Mr Griffin is a man in his mid-forties or so, I don’t know, but he didn’t look that old, neither did he look young, he had a rough image like a gangster, but he was really a kind man. I learned he was married and has three kids as we unpacked. I got to know more about him as we packed but not many words were exchanged. Just like me, he was a man of few words.
I’m going to be fine. I know for sure I will.
The whole building was cozy and set for me; the bed, the kitchen and everything.
They really did their best.
Seeing all this brought tears to my eyes and I started crying again. I suddenly felt bad that I didn't do much for them, but they did so much for me. I sobbed for a while.
I’m glad Mr Griffin gave me space and didn’t ask what was wrong. It seemed like he knew, but he kept helping me pack in till I finished crying.

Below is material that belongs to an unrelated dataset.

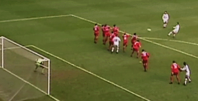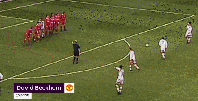 而就在1个赛季之后,随着坎通纳的退役,贝克汉姆也正式接过了他所留下的7号衣钵。在1997/98赛季英超客场对阵利物浦的比赛中,安迪-科尔进球为曼联取得领先,罗比-福勒命中点球扳平,贝克汉姆则利用一次禁区前沿右侧任意球的主罚机会以一记标志性的圆月弯刀划破安菲尔德天际直挂死角破门,为球队2-1再度超出比分,随后安迪-科尔梅开二度锁定胜局,“贝氏弧线”就此定格在了安菲尔德的漫长记忆之中。

I was through packing thanks to Mr Griffin. I had to go grocery shopping, and he had to show me around town, but I skipped the tour and just went for some shopping. I still bought food from a restaurant as I was too lazy to prepare anything. Mr Griffin said his byes after he dropped me and left to his family.
Too tired to even take a bath and pray, I laid down and closed my tired eyes letting the sleep engulf me.